# Judo Competition Videos



## Zapatista (Jul 25, 2005)

Does anybody know of any good DVDs of Judo competitions/single fights? I've looked at Netflix but the only thing they have is the history of Judo and I'd like to see exactly what I plan to get into, plus the clips from one of the history of Judo videos was pretty sweet and was hoping I could get full DVDs of it. Any help would be greatly appreciated.


----------



## bbaamm (Jul 25, 2005)

101 Ippons
you can get it from Rhadi Fergusons site intocombat.com


----------



## Zapatista (Jul 25, 2005)

Thanks a lot. I'll definitly check that out.

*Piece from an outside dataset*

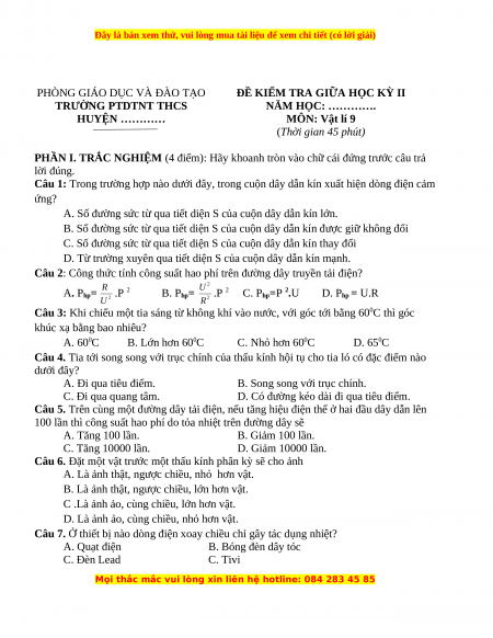 - Bộ 11 Đề thi giữa kì 2 Vật lí 9 năm 2023 chọn lọc từ các trường bản word có lời giải chi tiết biên soạn công phu bám sát đề thi minh họa của Bộ GD&ĐT.

 [edit] I checked out that link and it was way too expensive for me right now. I found a good place that had less expensive DVDs but they probably won't play on my DVD player (Playstation 2), so I'm out of luck. [/edit]


----------



## Posiview (Sep 10, 2005)

Why not just go to a class an look for yourself?


----------



## Roger Tibbets (Sep 11, 2005)

Hi Zapatista -

I don't know much about judo competition DVDs, so I apologize in advance if my response is not useful.

Searching allmovies.com for 'judo' I found:

http://www.allmovie.com/cg/avg.dll?p=avg&sql=3:K|27853

which gives you some titles that you may be able to find on, say, netflix.

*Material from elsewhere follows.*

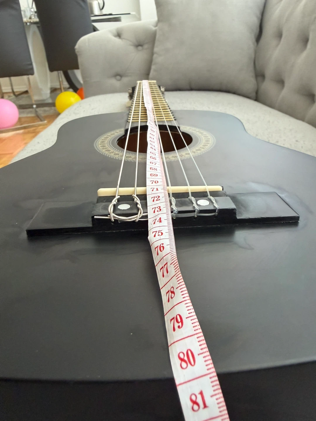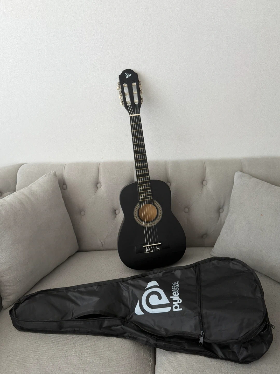 This is a black Pyle acoustic guitar. It includes a gig bag for easy transport. A measuring tape shows the guitar's length from the bridge to approximately the 80cm mark.

I googled for "judo tournament dvd" and got lots of hits, at least some of which advertise what you are looking for, for example:

http://www.budovideos.com/shop/customer/home.php?cat=248 

I did not specifically find inexpensive DVD, although I did not spend a lot of time searching.

Good Luck!


----------



## Aleem (Sep 13, 2005)

hey zap,

you should find some technique, instructional and competition videos on this site ...

http://judoinfo.com/techjudo.htm

hope it suffices,

aleem.


----------